» The task:
An exact copy of the lines from the top of the data through the line with "서버: 시각자극기가 설치된" is what you should give, with no pictures in it.

» Dataset section:

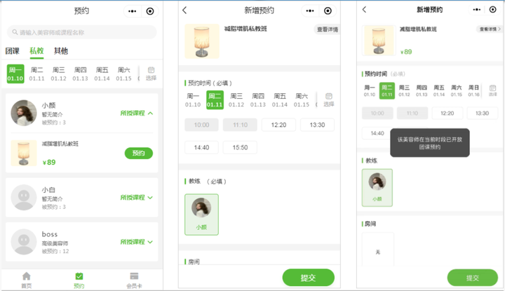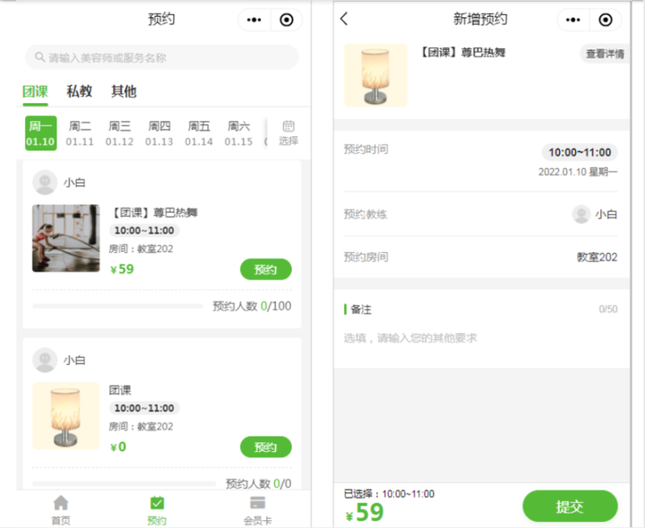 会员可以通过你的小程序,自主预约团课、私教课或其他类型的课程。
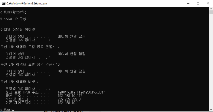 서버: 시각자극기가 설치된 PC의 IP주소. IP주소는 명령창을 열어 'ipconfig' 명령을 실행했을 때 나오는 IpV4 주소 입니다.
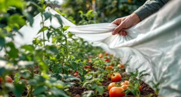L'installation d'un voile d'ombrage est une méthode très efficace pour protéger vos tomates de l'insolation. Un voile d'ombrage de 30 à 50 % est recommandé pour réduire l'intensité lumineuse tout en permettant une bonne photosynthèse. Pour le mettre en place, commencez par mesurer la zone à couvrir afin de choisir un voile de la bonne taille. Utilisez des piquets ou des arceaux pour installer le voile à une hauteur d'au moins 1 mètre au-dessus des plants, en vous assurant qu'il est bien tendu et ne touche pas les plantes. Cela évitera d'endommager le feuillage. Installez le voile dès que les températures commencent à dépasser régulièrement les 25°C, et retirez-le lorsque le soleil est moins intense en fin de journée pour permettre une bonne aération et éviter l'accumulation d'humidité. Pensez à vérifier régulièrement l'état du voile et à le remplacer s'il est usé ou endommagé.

» Exercise response:
 会员可以通过你的小程序,自主预约团课、私教课或其他类型的课程。
 서버: 시각자극기가 설치된 PC의 IP주소. IP주소는 명령창을 열어 'ipconfig' 명령을 실행했을 때 나오는 IpV4 주소 입니다.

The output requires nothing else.